| WHAT YOU ARE ASKED TO DO |
Look through the lines of the material and count those containing "from". Give that count alone.

RECORDS SUPPLIED Start Marker

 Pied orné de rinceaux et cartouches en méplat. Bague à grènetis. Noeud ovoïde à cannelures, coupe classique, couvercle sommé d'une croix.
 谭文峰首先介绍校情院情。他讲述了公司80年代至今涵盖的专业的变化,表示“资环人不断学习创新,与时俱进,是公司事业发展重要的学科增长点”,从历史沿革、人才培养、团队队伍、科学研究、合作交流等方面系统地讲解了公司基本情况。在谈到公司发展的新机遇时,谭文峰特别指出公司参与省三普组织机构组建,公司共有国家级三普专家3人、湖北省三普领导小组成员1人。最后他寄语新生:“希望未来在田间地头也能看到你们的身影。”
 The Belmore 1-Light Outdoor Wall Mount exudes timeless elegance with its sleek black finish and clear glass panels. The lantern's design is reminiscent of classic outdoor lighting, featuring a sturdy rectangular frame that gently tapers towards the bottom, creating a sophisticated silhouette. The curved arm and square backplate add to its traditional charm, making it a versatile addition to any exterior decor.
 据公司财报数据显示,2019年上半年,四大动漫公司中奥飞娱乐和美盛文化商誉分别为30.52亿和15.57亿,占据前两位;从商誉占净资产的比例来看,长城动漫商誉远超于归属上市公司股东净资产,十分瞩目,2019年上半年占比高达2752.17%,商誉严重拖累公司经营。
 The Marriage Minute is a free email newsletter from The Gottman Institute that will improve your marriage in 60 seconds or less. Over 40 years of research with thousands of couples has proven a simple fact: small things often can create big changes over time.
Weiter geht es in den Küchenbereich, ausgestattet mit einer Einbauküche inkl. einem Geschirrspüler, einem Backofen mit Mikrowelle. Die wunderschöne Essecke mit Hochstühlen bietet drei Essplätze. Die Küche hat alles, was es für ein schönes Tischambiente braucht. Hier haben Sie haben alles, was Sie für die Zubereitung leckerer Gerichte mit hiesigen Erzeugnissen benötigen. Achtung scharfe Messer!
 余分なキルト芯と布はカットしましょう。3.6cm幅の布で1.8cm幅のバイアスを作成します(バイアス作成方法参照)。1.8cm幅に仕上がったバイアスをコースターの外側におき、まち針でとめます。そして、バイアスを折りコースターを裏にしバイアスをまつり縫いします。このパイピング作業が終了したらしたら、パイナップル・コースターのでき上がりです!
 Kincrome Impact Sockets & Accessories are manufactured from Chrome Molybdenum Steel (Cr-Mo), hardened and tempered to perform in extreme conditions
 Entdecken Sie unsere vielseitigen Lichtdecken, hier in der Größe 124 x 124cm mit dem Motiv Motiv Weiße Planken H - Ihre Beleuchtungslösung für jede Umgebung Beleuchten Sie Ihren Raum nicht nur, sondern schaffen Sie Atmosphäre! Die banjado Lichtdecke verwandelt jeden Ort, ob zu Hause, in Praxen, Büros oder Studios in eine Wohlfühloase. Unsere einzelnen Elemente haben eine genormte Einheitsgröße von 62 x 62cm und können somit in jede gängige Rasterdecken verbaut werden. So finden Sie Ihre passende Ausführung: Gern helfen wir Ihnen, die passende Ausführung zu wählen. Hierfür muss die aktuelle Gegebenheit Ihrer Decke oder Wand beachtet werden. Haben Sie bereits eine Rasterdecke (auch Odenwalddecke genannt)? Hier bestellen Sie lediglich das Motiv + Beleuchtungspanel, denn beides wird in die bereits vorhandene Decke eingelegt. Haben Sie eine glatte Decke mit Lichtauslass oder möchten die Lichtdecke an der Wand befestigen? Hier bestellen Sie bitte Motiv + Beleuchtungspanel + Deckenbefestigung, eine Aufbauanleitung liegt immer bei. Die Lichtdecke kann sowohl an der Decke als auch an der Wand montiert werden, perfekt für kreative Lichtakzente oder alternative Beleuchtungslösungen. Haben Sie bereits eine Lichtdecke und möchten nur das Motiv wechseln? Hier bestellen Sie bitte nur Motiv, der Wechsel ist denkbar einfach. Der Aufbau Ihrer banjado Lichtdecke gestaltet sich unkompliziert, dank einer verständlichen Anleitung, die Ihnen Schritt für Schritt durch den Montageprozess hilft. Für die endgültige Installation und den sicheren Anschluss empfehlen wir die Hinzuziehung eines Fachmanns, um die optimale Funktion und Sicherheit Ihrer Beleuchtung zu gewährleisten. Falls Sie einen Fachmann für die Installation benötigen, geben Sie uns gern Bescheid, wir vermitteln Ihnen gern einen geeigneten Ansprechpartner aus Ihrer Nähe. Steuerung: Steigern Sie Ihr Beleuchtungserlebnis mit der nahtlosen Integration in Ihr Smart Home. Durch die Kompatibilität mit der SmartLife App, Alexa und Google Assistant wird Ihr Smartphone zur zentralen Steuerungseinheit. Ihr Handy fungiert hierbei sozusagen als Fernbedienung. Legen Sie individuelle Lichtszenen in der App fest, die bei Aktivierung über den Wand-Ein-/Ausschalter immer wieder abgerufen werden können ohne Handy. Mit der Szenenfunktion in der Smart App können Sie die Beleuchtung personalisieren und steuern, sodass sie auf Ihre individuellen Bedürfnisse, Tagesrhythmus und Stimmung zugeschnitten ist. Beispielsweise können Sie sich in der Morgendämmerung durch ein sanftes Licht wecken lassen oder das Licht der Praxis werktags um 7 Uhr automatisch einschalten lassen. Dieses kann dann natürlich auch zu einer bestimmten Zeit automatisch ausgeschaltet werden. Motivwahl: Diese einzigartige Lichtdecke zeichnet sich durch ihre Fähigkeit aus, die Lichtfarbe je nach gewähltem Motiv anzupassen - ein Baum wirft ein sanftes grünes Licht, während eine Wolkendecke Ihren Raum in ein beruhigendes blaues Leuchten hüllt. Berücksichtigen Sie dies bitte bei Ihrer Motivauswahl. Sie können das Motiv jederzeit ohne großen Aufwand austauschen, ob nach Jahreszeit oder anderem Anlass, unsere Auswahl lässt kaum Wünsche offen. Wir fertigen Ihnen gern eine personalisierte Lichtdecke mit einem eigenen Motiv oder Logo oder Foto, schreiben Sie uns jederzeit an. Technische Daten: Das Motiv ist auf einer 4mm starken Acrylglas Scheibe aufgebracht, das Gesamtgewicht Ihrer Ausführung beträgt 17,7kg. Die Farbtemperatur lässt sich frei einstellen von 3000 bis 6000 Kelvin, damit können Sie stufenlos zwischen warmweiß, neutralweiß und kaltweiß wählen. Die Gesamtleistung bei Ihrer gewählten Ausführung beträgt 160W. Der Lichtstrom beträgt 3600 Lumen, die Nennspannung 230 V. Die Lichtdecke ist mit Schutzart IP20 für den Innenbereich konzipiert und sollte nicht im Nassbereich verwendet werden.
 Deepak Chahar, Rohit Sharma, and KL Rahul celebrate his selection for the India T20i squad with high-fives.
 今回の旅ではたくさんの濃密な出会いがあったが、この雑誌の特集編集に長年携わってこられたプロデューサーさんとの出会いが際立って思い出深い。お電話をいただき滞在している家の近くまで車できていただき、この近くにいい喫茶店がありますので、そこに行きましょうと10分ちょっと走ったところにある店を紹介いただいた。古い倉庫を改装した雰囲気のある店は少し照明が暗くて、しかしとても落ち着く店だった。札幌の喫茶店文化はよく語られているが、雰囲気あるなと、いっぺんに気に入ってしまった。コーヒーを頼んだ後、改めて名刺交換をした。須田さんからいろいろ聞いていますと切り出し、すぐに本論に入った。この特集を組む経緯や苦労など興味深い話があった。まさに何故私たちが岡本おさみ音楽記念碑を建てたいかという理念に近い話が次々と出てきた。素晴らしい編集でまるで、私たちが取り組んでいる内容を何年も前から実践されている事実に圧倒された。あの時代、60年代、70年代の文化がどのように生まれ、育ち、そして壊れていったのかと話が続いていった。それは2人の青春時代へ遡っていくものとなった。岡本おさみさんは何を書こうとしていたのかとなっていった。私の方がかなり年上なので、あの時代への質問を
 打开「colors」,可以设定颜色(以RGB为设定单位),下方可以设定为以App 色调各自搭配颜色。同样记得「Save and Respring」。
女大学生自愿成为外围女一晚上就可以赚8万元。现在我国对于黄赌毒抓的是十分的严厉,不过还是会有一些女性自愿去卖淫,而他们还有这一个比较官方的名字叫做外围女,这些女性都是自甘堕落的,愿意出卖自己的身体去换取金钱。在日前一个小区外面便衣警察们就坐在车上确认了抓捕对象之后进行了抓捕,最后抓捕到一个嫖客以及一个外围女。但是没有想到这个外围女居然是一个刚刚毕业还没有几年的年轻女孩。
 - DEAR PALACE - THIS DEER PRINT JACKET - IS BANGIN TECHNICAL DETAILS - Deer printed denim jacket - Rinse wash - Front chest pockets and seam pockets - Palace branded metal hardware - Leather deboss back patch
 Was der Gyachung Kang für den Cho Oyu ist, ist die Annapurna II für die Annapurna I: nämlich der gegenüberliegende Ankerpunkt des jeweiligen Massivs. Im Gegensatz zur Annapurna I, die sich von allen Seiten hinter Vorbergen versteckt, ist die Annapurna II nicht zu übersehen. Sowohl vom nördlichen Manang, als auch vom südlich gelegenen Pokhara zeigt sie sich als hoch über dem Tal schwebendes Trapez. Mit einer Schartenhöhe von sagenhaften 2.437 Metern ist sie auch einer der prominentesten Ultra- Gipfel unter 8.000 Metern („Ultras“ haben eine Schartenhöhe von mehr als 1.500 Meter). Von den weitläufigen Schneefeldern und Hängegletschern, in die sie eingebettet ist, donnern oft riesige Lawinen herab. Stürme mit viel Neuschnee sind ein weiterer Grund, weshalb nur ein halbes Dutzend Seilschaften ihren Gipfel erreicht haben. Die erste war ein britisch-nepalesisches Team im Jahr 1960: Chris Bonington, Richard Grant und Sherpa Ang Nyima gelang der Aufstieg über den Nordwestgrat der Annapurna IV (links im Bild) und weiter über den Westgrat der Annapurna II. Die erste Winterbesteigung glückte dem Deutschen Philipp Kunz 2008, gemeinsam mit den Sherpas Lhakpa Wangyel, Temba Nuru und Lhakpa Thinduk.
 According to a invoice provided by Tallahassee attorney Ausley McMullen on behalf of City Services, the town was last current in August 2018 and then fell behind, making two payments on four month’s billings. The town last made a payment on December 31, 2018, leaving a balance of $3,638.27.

RECORDS SUPPLIED End Marker

| WRITTEN SOLUTION |
2